In Sagaponack, Allan used Ted’s former workroom for an office. Ruth claimed that the room still smelled of squid ink, or of a decomposing star-nosed mole—or of the Polaroid print coater. The photographs were gone now, although Ruth said she could still smell them, too.

But what could she smell (or otherwise detect) in
her
office on the second floor of the barn—the remodeled Sagaponack squash court, which Ruth chose as
her
workroom? The ladder and trap door had been replaced by a normal flight of stairs and a normal door. Ruth’s new office had baseboard heating; there was a window where the dead spot on the front wall of the squash court had been. When the novelist sat typing on her old-fashioned typewriter, or—as she more often did— writing by hand on the long yellow pads of lined paper, she never heard the reverberation that the squash ball used to make against the telltale tin. And the T on the former court, which she’d been taught to take possession of (as if her life depended on it), was carpeted now. Ruth couldn’t see it.

She
could
smell, from time to time, the exhaust fumes from the cars that were still parked on the ground floor of the old barn. It wasn’t a smell that bothered her.

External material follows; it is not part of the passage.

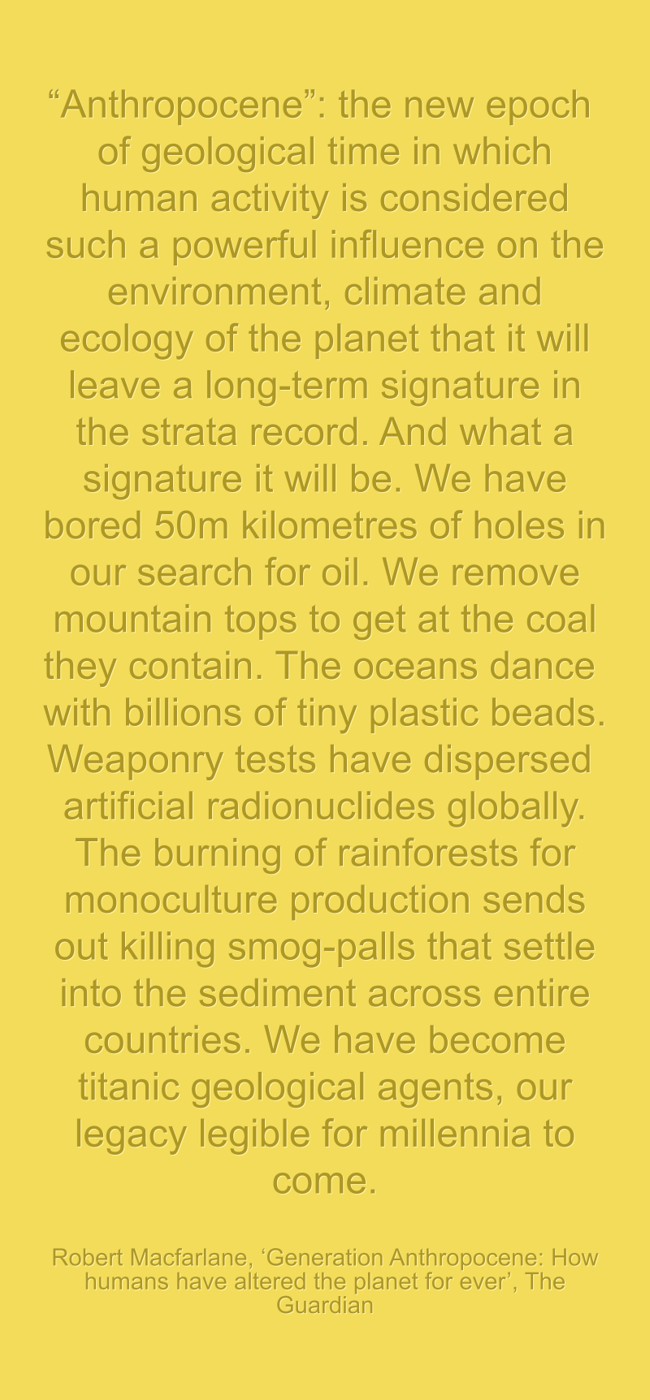 "“Anthropocene”: the new epoch of geological time in which human activity is considered such a powerful influence on the environment, climate and ecology of the planet that it will leave a long-term signature in the strata record. And what a signature it will be. We have bored 50m kilometres of holes in our search for oil. We remove mountain tops to get at the coal they contain. The oceans dance with billions of tiny plastic beads. Weaponry tests have dispersed artificial radionuclides globally. The burning of rainforests for monoculture production sends out killing smog-palls that settle into the sediment across entire countries. We have become titanic geological agents, our legacy legible for millennia to come. "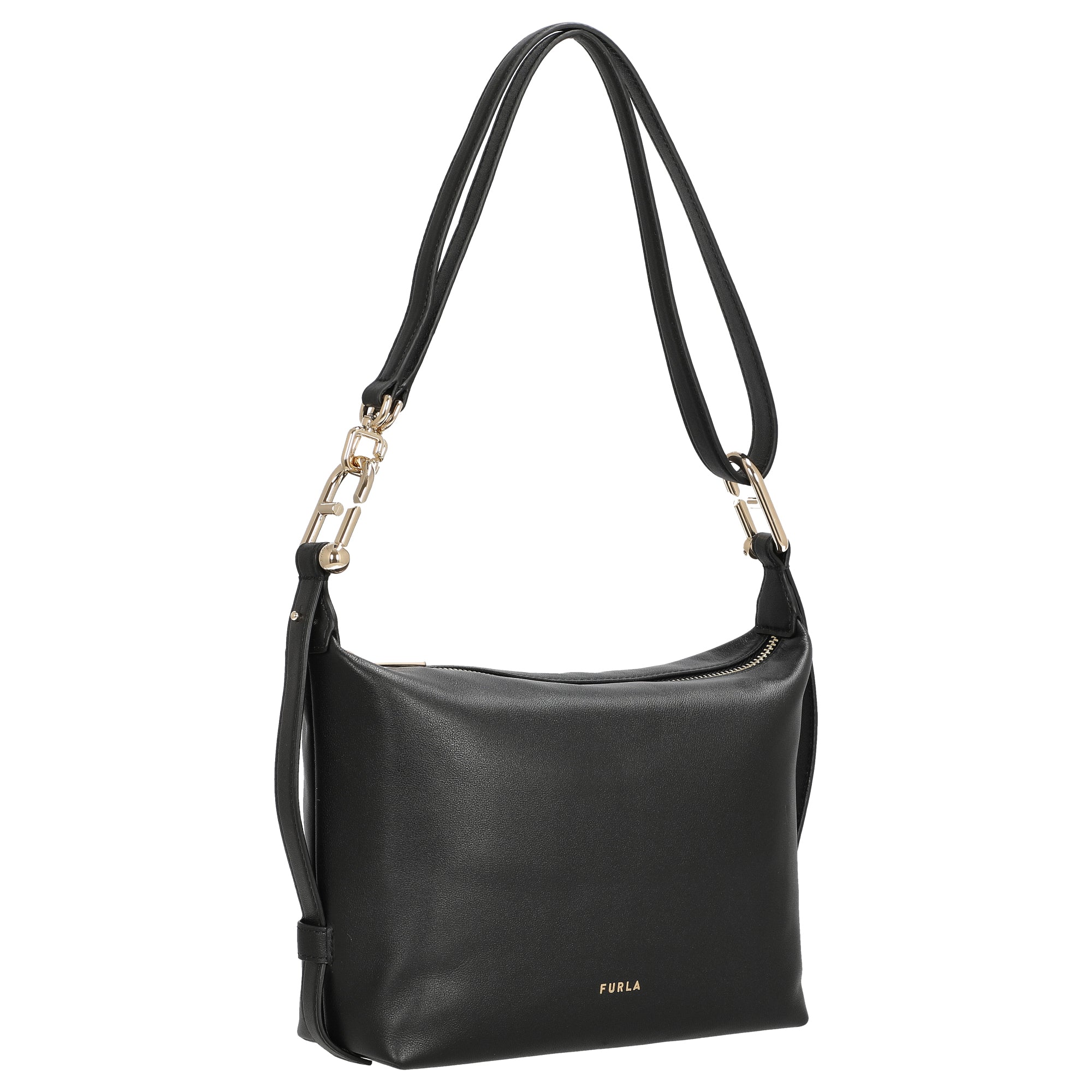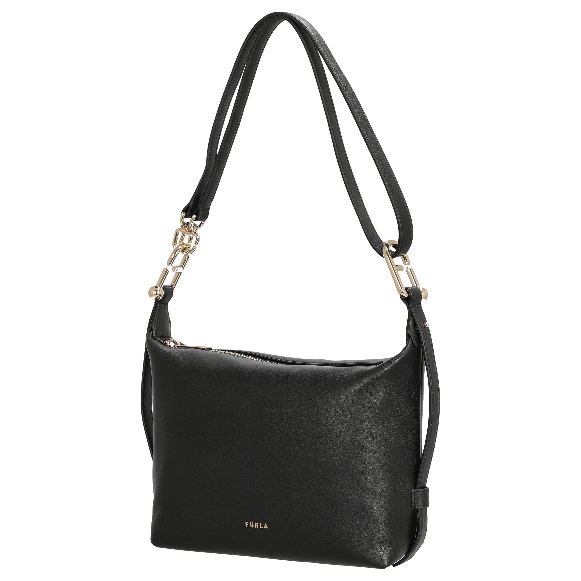 Die Furla Tonie Mini Hobo Schultertasche in elegantem Schwarz vereint zeitloses Design mit praktischer Funktionalität. Dieses kompakte Modell ist der perfekte Begleiter für stilbewusste Frauen, die Wert auf hochwertige Details und vielseitige Trageoptionen legen.

“You’re a weird one!” Hannah would say to her, again. “It would give me the creeps to work here!”

But, at least until Graham was old enough to go to preschool, the Sagaponack house would be fine for Ruth; it was fine for Allan and for Graham, too. They would go to Vermont for the summers, when the Hamptons were overrun—and when Allan didn’t so much mind the long drive from the city and back. (It was a four-hour drive from New York to Ruth’s house in Vermont.) Ruth would worry, then, about Allan driving such a distance at night—there were deer on the roads, and drunken drivers—but she was happily married; and, for the first time, she loved her life.

Like any new mother—especially, like any new
older
mother—Ruth worried about her baby. She’d been unprepared for how much she was going to love him. But Graham was a healthy child. Ruth’s anxieties about him were entirely the product of her imagination.

At night, for example, when she thought that Graham’s breathing was strange or different—or worse, when she couldn’t hear him breathing—she would rush from the master bedroom to the nursery, which had been her own bedroom as a child. There, Ruth would often curl up on the rug beside the crib. She kept a pillow and a quilt in Graham’s closet for such occasions. Allan would often find her on the floor of the nursery in the mornings—sound asleep beside her sleeping child.

And when Graham was no longer sleeping in a crib, and he was old enough to climb in and out of his bed by himself, Ruth would lie in the master bedroom, hearing her child’s feet padding across the floor of the master bathroom on his way to her. It was exactly how Ruth had crossed that bathroom floor as a child, padding on her way to her mother’s bed . . . no, to her
father’s
bed, more often, except for that memorable night when she’d surprised her mother with Eddie.

This
is closure, if there ever is closure, the novelist thought to herself. Something had come full circle. Here was an ending
and
a beginning. (Eddie O’Hare was Graham’s godfather. Hannah Grant was the boy’s godmother—a more responsible and reliable godmother than one might have thought.)